The two themes of hope and meaning felt like they were being confused and swapped for one another at times. The first essay of the book was supposed to provide the evidence to his idea about meaning, yet, it discusses what helped him and others survive—hope. It wasn’t finding meaning that helped them survive. Frankl fails to make any connection between the two. A possible answer could be that the only things that helped them survive was hope for a future where they could once again have what they felt was meaningful. Hope for anything else would not give them the strength to fight and not give up. For Frankl, those meaningful things he hoped for was to see his wife again and to lecture to people about the psychological effects of the war on the human mind.

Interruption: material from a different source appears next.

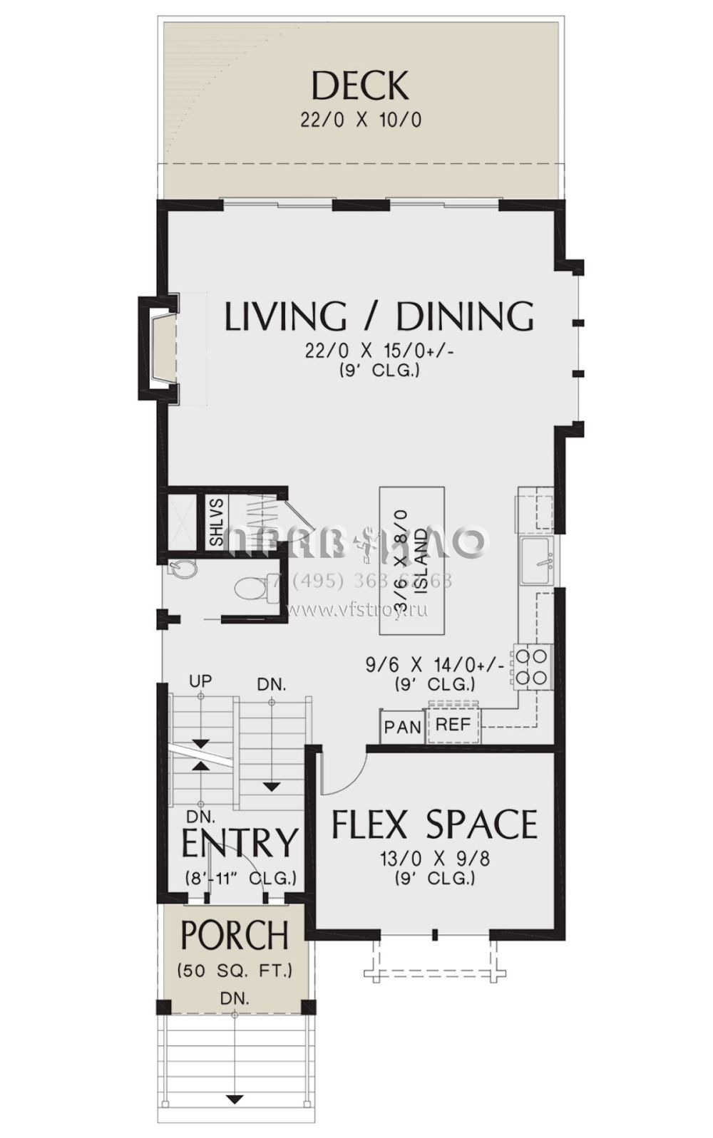 Проект трехэтажного дома с гаражом на одну машину в стиле Ранчо S5-204 (2559-01018)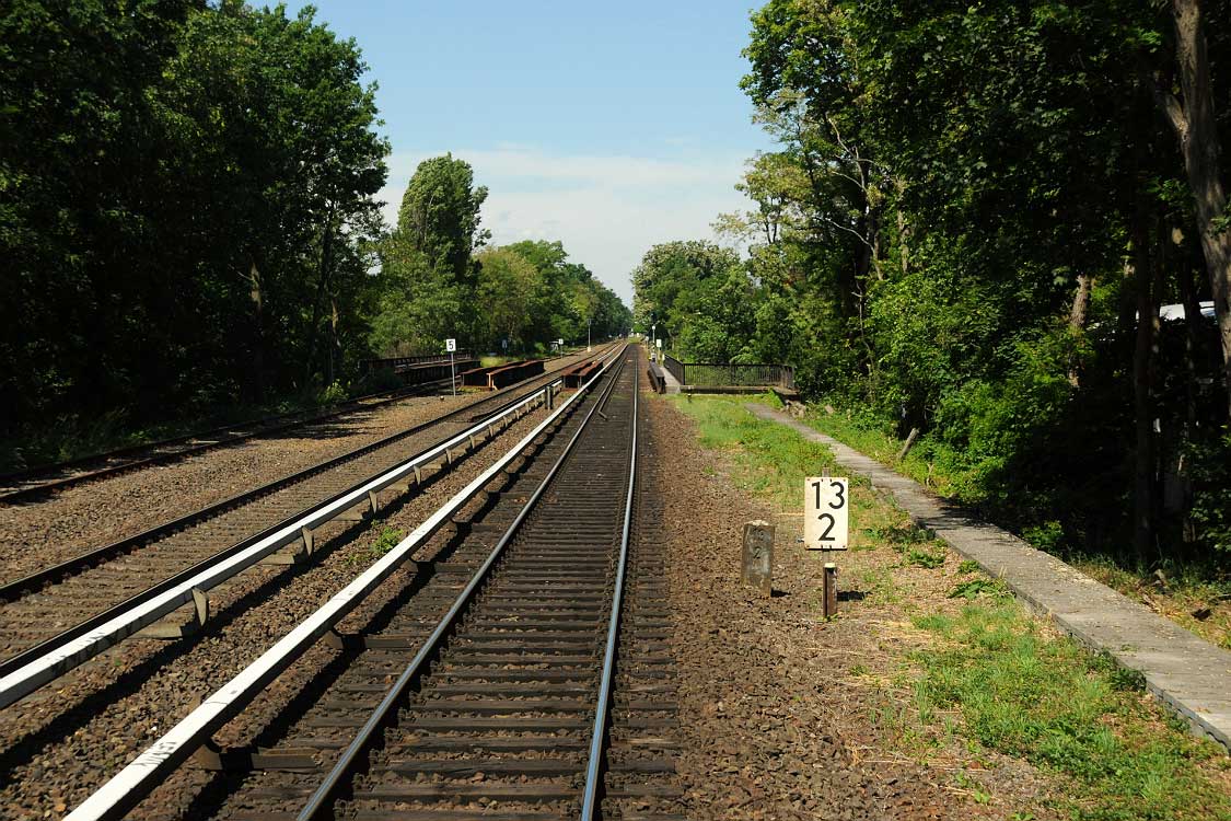 km 17,0 (Tafel und Stein) in Nikolassee (Wannseebahn) - Blick Richtung

“Forces beyond your control can take away everything you possess except one thing, your freedom to choose how you respond to the situation.”. This is the hardest thing to understand from all that Frankl mentions. Frankl gives three examples of where a person can find meaning: in work, in relationships (love and caring for another person), and in courage in difficult times. Frankl contends that even during the worst times when nothing in life is accessible, you can find meaning by responding with dignity; the way you cope and react can provide meaning. From all the stories and from all the cases of patients he treated, Frankl doesn’t provide any accurate examples. He uses instead the concept of “finding meaning in suffering” instead. On one account he gives an example of an elderly male he treats that his wife recently passed away. Suffering in grief and depression from his loss he can’t seem to find a reason to go on. Dr. Frankl asks him “What would have happened had you died first?”. The patient realized that his suffering was in order to save his wife he cared about from suffering the same way. Frankl himself doesn’t use such a method fight through the concentration camps. Instead, he found meaning in life in which he hoped to be able to experience again. We can see this from a letter he sent after the war in which he describes his despair after returning to Vienna and learning about the death of his wife. “I am all alone. I am terribly tired, terribly sad, terribly lonely. I have nothing more to hope for.”